It’s been proven that there’s a halo effect surrounding beautiful people — we hold doors open for them, laugh at their jokes when they’re not even funny, and assume they’re intelligent as long as they’re not actively drooling all over their chin.

It’s no surprise, then, that new research finds good-looking people tend to believe that life is fundamentally fair. The study, published in the journal "Psychological Report," indicates that physical attractiveness gives people confidence in a “just world.”

The Just World hypothesis is the assumption that there’s a universal force that restores moral balance. Good things happen to good people. Bad things happen to bad people. If something awful happens to you — your cat abandons you or you fall off the ski lift — you must have done something to deserve it. It’s an outlook that many believe makes you a terrible person.

“Previous work has consistently found that belief in a just world is strongly correlated with societal privilege,” the study reads. Its researchers are experts in the attractiveness stereotype — also known as the halo effect — which leads us to assume beautiful people are also smart, ambitious or interesting, and ugly people are stupid, stinky, and probably never get invited back home for Christmas.

Knowing that pretty faces receive favorable treatment throughout their lives led the researchers to hypothesize that attractive folks are more likely to believe that our “just world” gives people what they deserve. And they were right.

However, their results come with some caveats — mainly that the participants in the study were mostly college-aged Americans.
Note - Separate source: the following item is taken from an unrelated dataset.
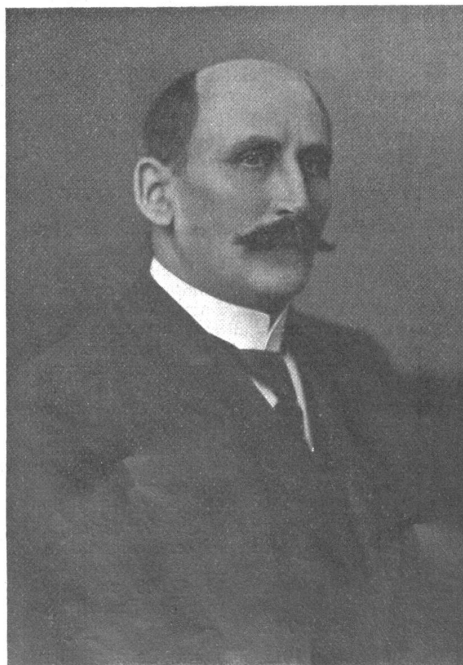
Bundesrat Dr. Felix Calonder.

Läßt man aber die regionalen Interessen ganz außer acht, was vom rein nationalen Standpunkt aus das einzig Richtige ist und was stets ausschlaggebend sein sollte, so befriedigt die getroffene Wahl in hohem Maße. Ja sie wird im Volke draußen ein freudiges Echo finden, denn der Name Calonder hatte schon längst einen guten Klang! Mit ihm wird der obersten Exekutive unseres Landes neuerdings ein Mann zugeführt, dessen Tüchtigkeit und staatsmännische Eignung allgemein anerkannt wird. Dr. Felix Calonder ist romanischer Junge und mit seiner Wahl sind nun zum ersten Mal seit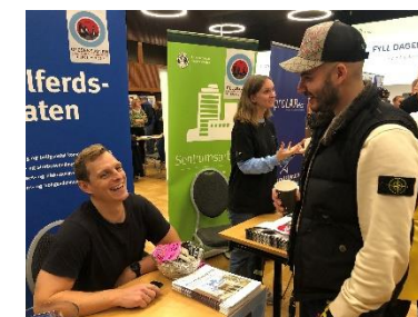
Fra stand på «Fyll dagene»

Oppfølgingsarbeid: Individuelt og fleksibelt oppfølgingsarbeid gis i nært samarbeid med den enkelte, pårørende og øvrig hjelpeapparat utføres daglig, og utgjør en vesentlig del av tjenestene som Uteseksjonen yter. Oppfølging kan skje akutt fra gata eller planlagt andre steder. Omfang og type oppfølging utføres etter behov, noen ganger gjennom en oppfølgings-økt men oftest vil innbyggere og tilreisende trenge flere oppfølginger i ulike perioder. Oppfølgingsarbeidet forankres som oftest i tett samarbeid med bydel eller hjemkommunes førstelinje ( NAV og barneverntjeneste ). Hver person vi gir oppfølging skal ha 2 kontaktpersoner for å sikre tilgjengelighet, kvalitet og en lav terskel. Når det er hensiktsmessig kan vi koble på psykologtjenesten vår eller andre forsterka innsatser. I 2023 fikk 1443 ulike personer oppfølging fra Uteseksjonen, hvorav 828 var under 25 år. 566 personer som fikk oppfølging har tilhørighet fra ulike kommuner utenfor Oslo. 725 var Oslotilhørende og 152 er registrert som ukjent/utenlandsk.

When you’re in college, appearance seems the most important thing in the world. You’ll starve yourself to look good for Spring Break, take millions of selfies and delete the 99.9 percent that are too unflattering.

As they get older, college students might come to re-evaluate their perspectives on the importance of looking like a Kardashian. Until a new study expands on the age range of its participants, it’s impossible to know if the findings stay true as we age, or as the world continues to beat the shit out of all those who inhabit it.